Он тоже выглядел слегка обескураженным.
— Ты слышала, — задумчиво произнёс он. — Антон мой единокровный брат.
— Значит мне не показалось? — покачала я головой, приходя в себя.
До аэропорта оставалось ехать не так долго, к тому же Моцарту позвонили, и он успел рассказать мне только, что у них с Бринном общий отец.
Сейчас Мо держал меня за плечи, словно отгораживая собой от других встречающих, что толпились в зале ожидания, но я до сих пор была в шоке. И у меня было столько вопросов, но как назло рейс уже совершил посадку: с ними придётся подождать.

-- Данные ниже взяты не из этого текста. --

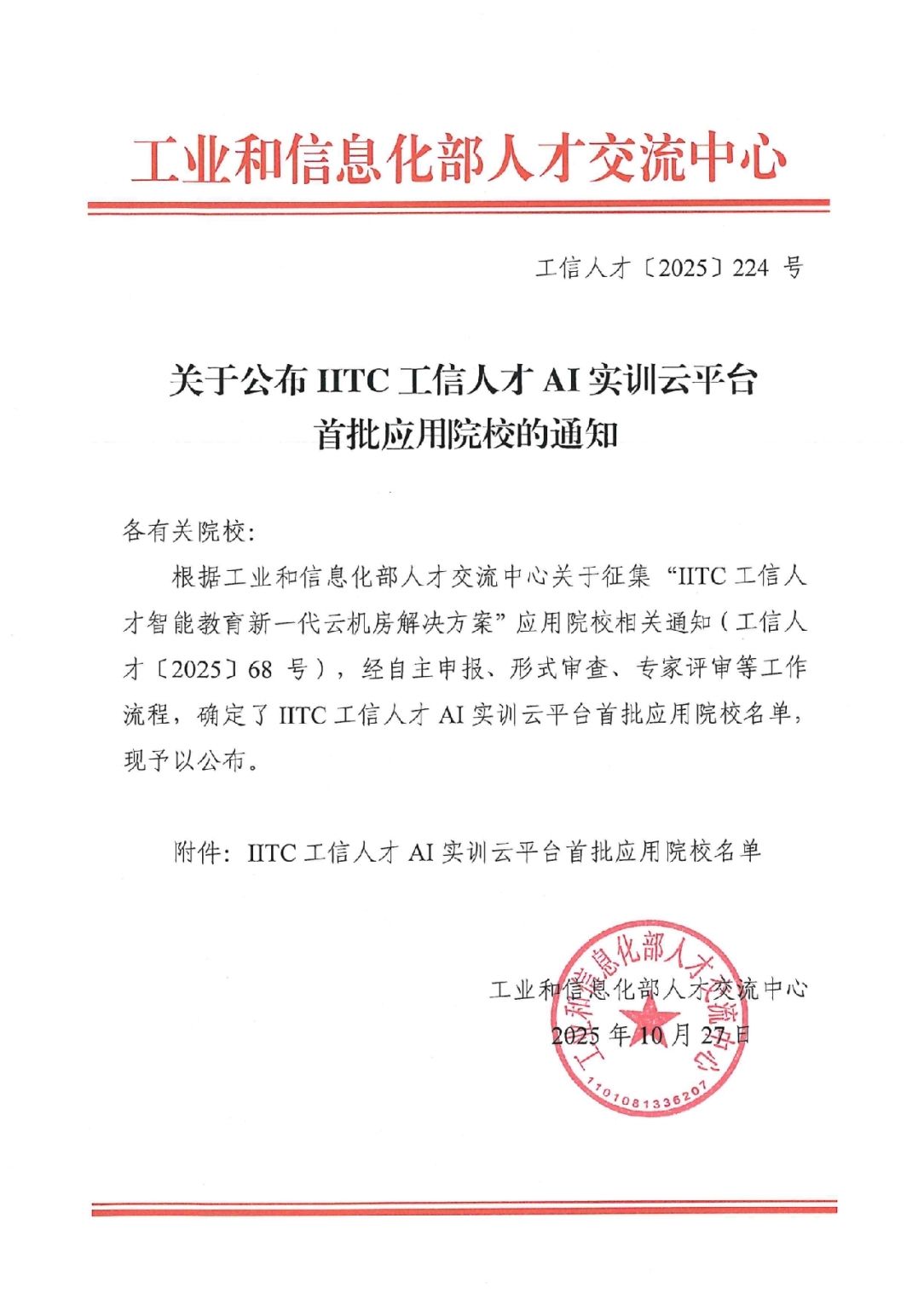 我校入选工信部“IITC工信人才AI实训云平台”试点高校

— Показалось что? — переспросил он.
— Что он похож на тебя, — я прикусила губу, промолчав, что особенно похож на ту фотографии, где Сергею двадцать.
В тот день, когда Перси чуть не умер, мы загорали с Антоном на крыше. Он разделся по пояс, завязав рубашку на бёдрах, и я не могла оторвать от него глаз, пока он размахивал клюшкой, играя в интерактивный гольф на большом экране. Справедливости ради, я пялилась на него только потому, что он похож на Моцарта, а не потому что Антон — это Антон. А это совсем другое.
— А он похож? — удивился Сергей и в его голосе слышалась такая знакомая усмешка. — То есть можно сказать, что он почти как я, только моложе на двадцать лет?
— Это намёк? Моцарт! — ударила я его, не глядя, по каменному бедру. Чёртов качок: чуть руку не осушила. — Он похож. Но не ты. Не ты!
— Увы, — хмыкнул он и улыбнулся. — Теперь не знаю, как ему об этом сказать, чтобы не умер от восторга. И ты должна отбить его у этой бабы. Кстати, кто она?
Ага, сейчас! Так я тебе всё и выложила.
— Ты же Моцарт! Один звонок… — съехидничала я, покачнулась и прижалась к нему спиной: какой-то мужик толкнул меня и влез, загородив обзор.
— Эй, — окликнул его Сергей. И не знаю, каким взглядом одарил, когда мужик обернулся, но тот кивнул и так поспешно ретировался, что я хотела крикнуть: Все видели? Все? Это мой будущий муж, ясно? В такие моменты я завидовала сама себе.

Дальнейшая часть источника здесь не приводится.